Like with iterators in rayon, you can simply exchange the Crawler::new method with the Crawler::new_async method to get an async crawler.

 use file_crawler::prelude::*;

 //we're using the tokio from the prelude here, no need to add it as an extra dependency
 use tokio::fs::File;
 use tokio::path::PathBuf;
 use std::sync::Arc;
 use std::sync::atomic::AtomicU32;

//basically the same as example 3!
 let a_count=
 //only change required to make it async (except for the run(..) code)
 //don't forget to enable the 'async' feature!
 Crawler::new_async()
    .start_dir("C:\\user\\foo")
    .context(AtomicU32::new(0))
    .run(async |ctx: Arc<AtomicU32>, path: PathBuf| {
        let mut contents=String::new();
        let mut file=File::open(path).await?;
        //NOTE: this can cause an error for files not readable as UTF-8
        //which returns an error and therefore terminates the crawler
        file.read_to_string(&mut contents).await?;
        contents.chars().for_each(|char| if char=='a' { ctx.fetch_add(1, Ordering::Relaxed); });
        Ok::<(), std::io::Error>(())
    }).await?;
 println!("Appearance of the letter 'a' in \"C\\user\\foo\": {}", a_count.load(Ordering::Relaxed));
 Ok(())

§Features

  • parallel: enables non-async multithreaded Crawler execution via the rayon crate.
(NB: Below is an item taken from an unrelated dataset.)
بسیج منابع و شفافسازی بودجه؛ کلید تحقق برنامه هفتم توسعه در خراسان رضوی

Enabled by default.
  • async: enables asynchronous, multithreaded3 Crawler execution via tokio.
  • lazy_store: enables creation of async and non-async Crawlers for later usage or interfacing with other crates, but not running them so tokio/rayon do not need to be compiled4.

§Planned Features

§Panics

In general - especially with the focus on the Crawler’s laziness - it is desirable to have as many potential panics at creation, not at runtime (in terms of calling run on the Crawler). Panics can (for example) occur when setting the regex to an invalid string, this may be changed in the future. So, if the creation of the Crawler succeeds, running will most likely not cause a panic.


  1. lazy evaluation

  2. one exception is setting a regex because it is compiled on setting it to emit an early panic. 
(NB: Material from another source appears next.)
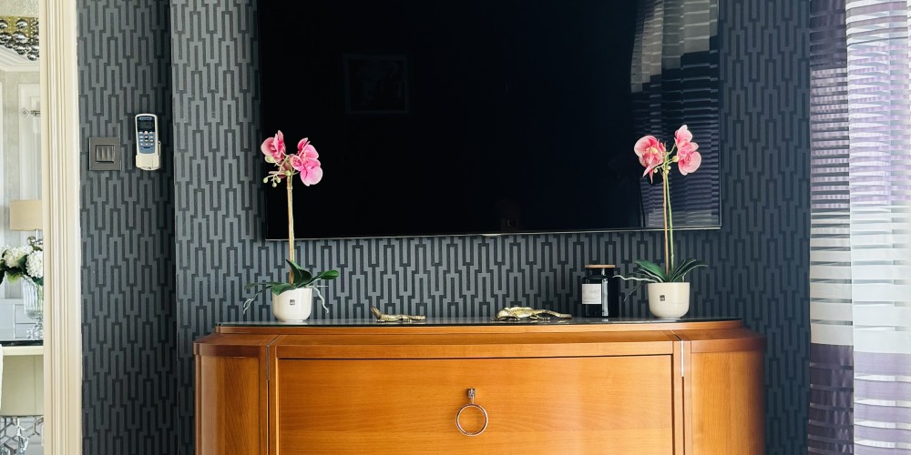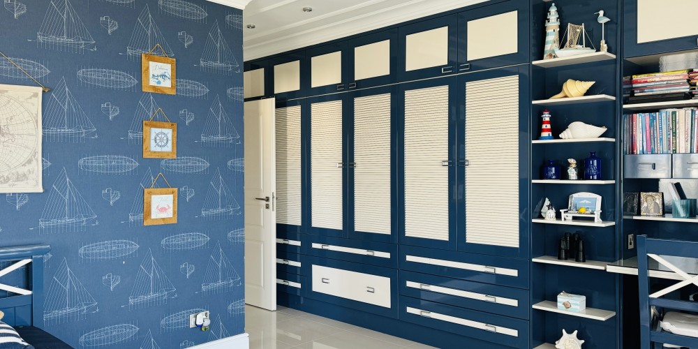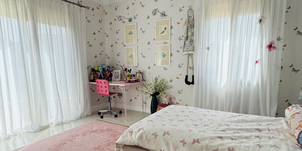 В доме предусмотрено пять спален и шесть ванных комнат, одна из которых дополнительно включает кладовую зону. Для персонала предусмотрена отдельная студия с собственным входом, кухней и ванной комнатой.

  3. Currently, the async version demands a tokio runtime with at least 2 threads. Running it in a single threaded runtime is theoretically possible, but causes indefinite execution, so this won’t work

  4. Not necessary if both the parallel and async feature are enabled. 

Modules§

builder
Building the crawler via the builder pattern, only way as of now
prelude
The prelude. It is - as you see - very small, so if you include it, you don’t have to worry about importing items as well as namespace pollution.